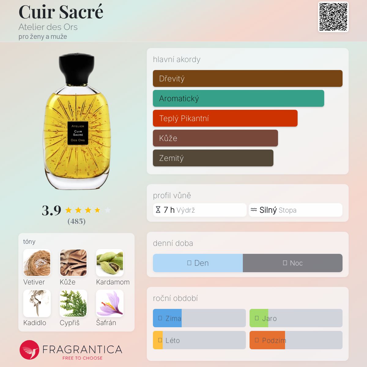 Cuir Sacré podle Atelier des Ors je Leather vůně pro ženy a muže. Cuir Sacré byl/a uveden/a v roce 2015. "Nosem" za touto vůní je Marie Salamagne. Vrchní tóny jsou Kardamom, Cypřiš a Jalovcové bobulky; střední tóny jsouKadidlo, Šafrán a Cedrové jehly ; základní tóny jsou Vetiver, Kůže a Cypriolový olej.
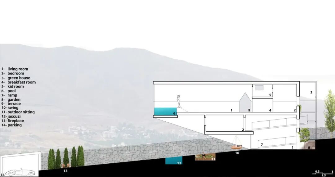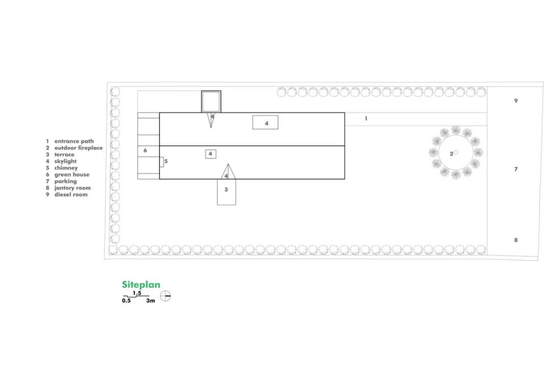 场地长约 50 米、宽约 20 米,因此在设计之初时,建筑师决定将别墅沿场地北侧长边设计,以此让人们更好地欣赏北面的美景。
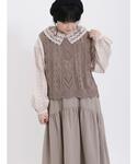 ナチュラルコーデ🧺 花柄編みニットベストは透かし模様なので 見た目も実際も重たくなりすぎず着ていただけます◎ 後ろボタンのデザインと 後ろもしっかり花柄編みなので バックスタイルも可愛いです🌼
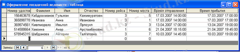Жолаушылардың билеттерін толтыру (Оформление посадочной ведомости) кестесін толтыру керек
######
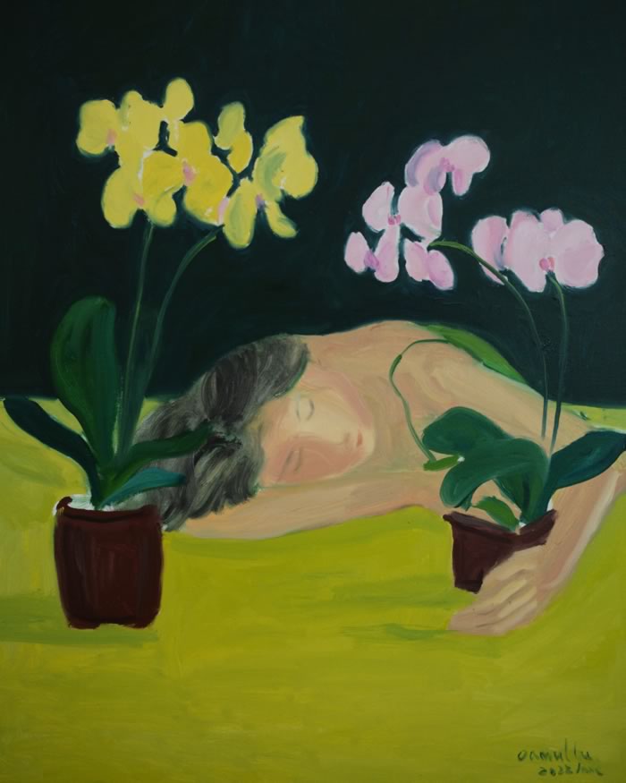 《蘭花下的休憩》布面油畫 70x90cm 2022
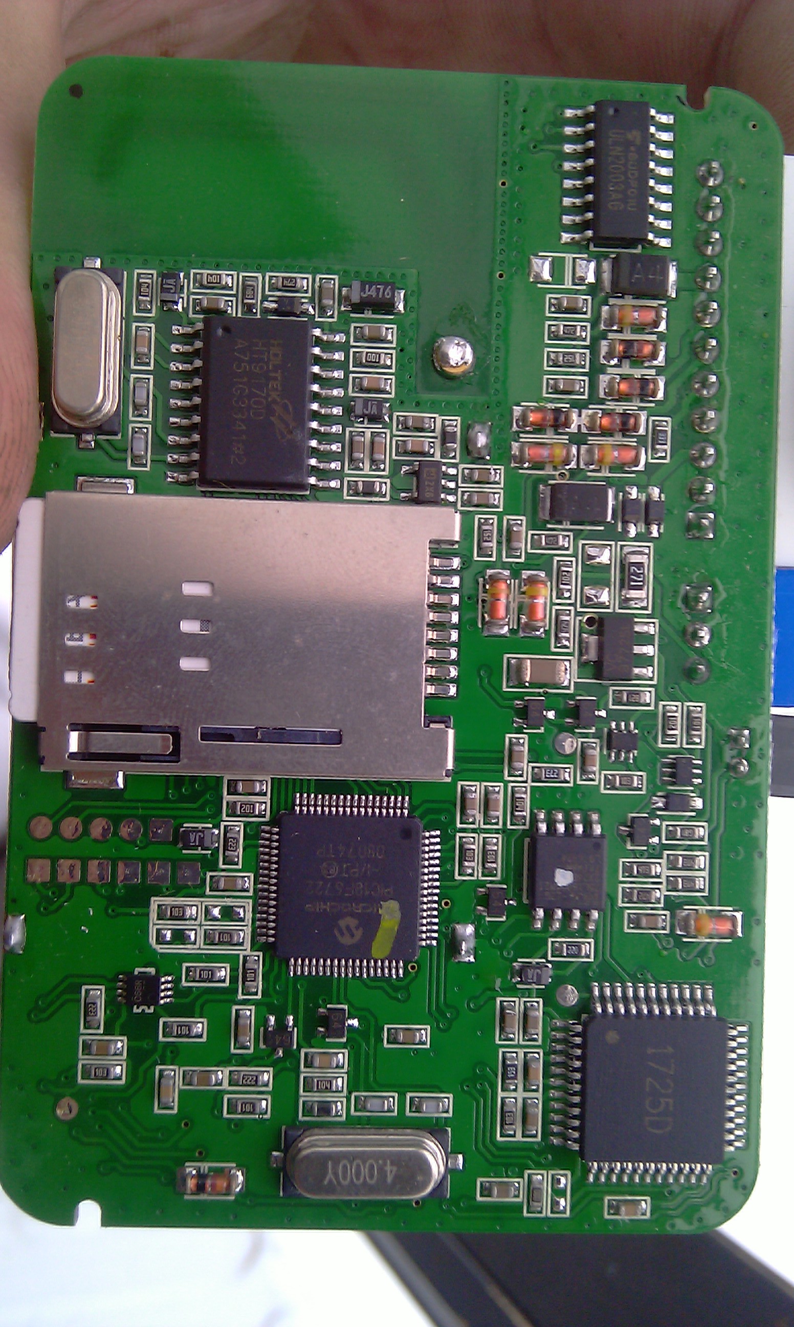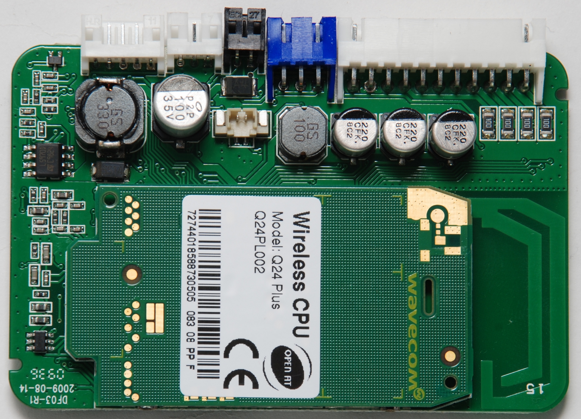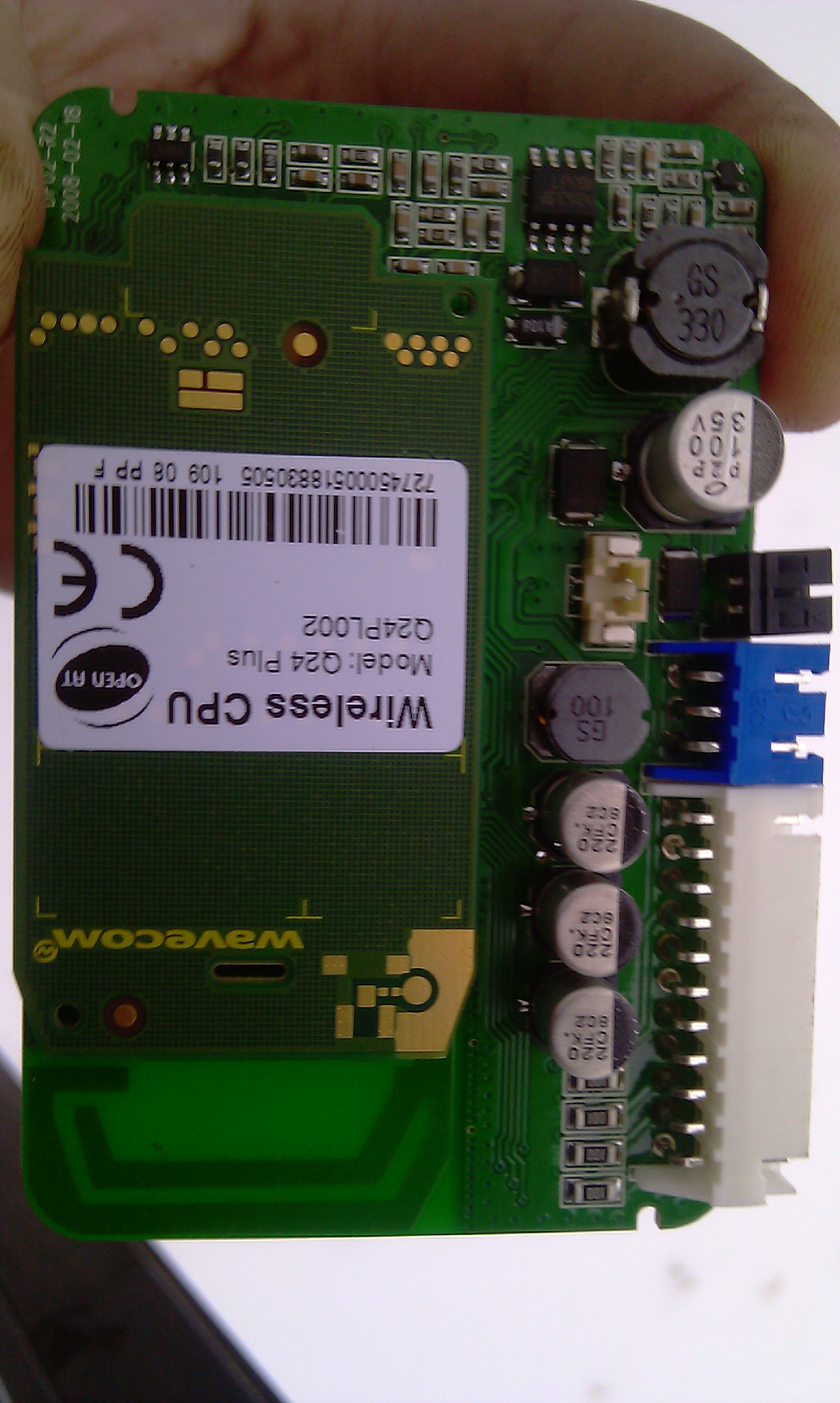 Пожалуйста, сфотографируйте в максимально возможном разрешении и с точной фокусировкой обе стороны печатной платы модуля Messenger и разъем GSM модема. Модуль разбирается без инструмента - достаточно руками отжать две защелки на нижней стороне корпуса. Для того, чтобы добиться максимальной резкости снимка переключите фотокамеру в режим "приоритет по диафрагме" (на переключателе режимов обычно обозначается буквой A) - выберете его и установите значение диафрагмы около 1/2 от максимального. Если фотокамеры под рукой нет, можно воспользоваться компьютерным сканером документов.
######
### ASSIGNMENT
Nothing but the lines above from the line with "Cuir Sacré podle" up to and including the line with "Жолаушылардың билеттерін толтыру" should be returned, exactly as written and without pictures.

### ANSWER TO THIS PROBLEM
 Cuir Sacré podle Atelier des Ors je Leather vůně pro ženy a muže. Cuir Sacré byl/a uveden/a v roce 2015. "Nosem" za touto vůní je Marie Salamagne. Vrchní tóny jsou Kardamom, Cypřiš a Jalovcové bobulky; střední tóny jsouKadidlo, Šafrán a Cedrové jehly ; základní tóny jsou Vetiver, Kůže a Cypriolový olej.
 场地长约 50 米、宽约 20 米,因此在设计之初时,建筑师决定将别墅沿场地北侧长边设计,以此让人们更好地欣赏北面的美景。
 ナチュラルコーデ🧺 花柄編みニットベストは透かし模様なので 見た目も実際も重たくなりすぎず着ていただけます◎ 後ろボタンのデザインと 後ろもしっかり花柄編みなので バックスタイルも可愛いです🌼
Жолаушылардың билеттерін толтыру (Оформление посадочной ведомости) кестесін толтыру керек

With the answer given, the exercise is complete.